- _WHAT THE EXERCISE ASKS_: Copy the data that follows, character for character, minus the pictures.
*** Opening of SUPPLIED INFORMATION ***
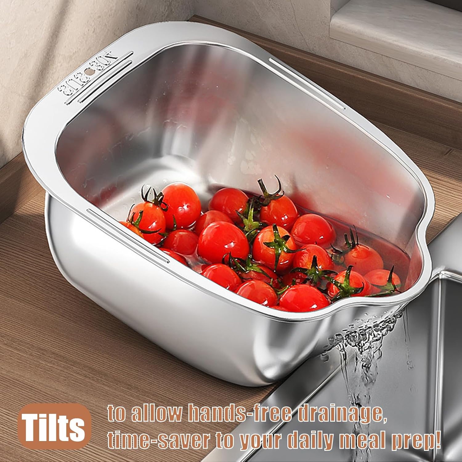 Rice Washer Strainer Bowl, Stainless Steel Washing Bowl whit Side Drainers, Versatile Square Quinoa Colander for Cleaning Rinsing Fruits, Vegetables, and Beans - Multifunctional Drain Basket
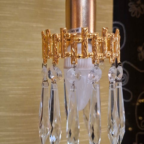 Maitolasinen ikkunalamppu, korkeus noin 50 cm, halkaisija noin 14 cm. Johto noin 90 cm. Nouto Sinetästä tai kulkeutuu sovittaessa omien menojen mukaan Rovaniemen alueella.
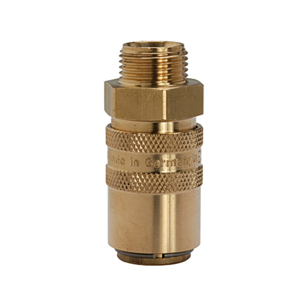 Temperierkupplung DN 6, Außengewinde, Absperrventil, MS, M14x1,5 gerade, PN max. 15 bar, Mediums-/Umgebungstemp. -20 °C bis 160 °C. Kompatibel mit System HASCO Z 8. Für Temperieranwendungen mit Heiß- oder Kaltwasser bzw. Temperieröl z.B. für Kühlkreisläufe an Kunststoffmaschinen. Wahlweise mit freiem Durchgang, einseitig oder beidseitig absperrend. Alle Außengewindekupplungen mit Innenkegel DIN 3863.
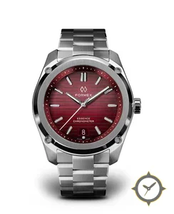 Eine Luxus-Uhr mit einem vielseitigen 40mm Gehäuse, das an fast jedes Handgelenk passt, gefertigt aus Edelstahl mit einem Zifferblatt in rot und einer besonderen "horizontal brushed finish"-Oberfläche.
*** Close of SUPPLIED INFORMATION ***
- _RESULT OF THIS TASK_:
 Rice Washer Strainer Bowl, Stainless Steel Washing Bowl whit Side Drainers, Versatile Square Quinoa Colander for Cleaning Rinsing Fruits, Vegetables, and Beans - Multifunctional Drain Basket
 Maitolasinen ikkunalamppu, korkeus noin 50 cm, halkaisija noin 14 cm. Johto noin 90 cm. Nouto Sinetästä tai kulkeutuu sovittaessa omien menojen mukaan Rovaniemen alueella.
 Temperierkupplung DN 6, Außengewinde, Absperrventil, MS, M14x1,5 gerade, PN max. 15 bar, Mediums-/Umgebungstemp. -20 °C bis 160 °C. Kompatibel mit System HASCO Z 8. Für Temperieranwendungen mit Heiß- oder Kaltwasser bzw. Temperieröl z.B. für Kühlkreisläufe an Kunststoffmaschinen. Wahlweise mit freiem Durchgang, einseitig oder beidseitig absperrend. Alle Außengewindekupplungen mit Innenkegel DIN 3863.
 Eine Luxus-Uhr mit einem vielseitigen 40mm Gehäuse, das an fast jedes Handgelenk passt, gefertigt aus Edelstahl mit einem Zifferblatt in rot und einer besonderen "horizontal brushed finish"-Oberfläche.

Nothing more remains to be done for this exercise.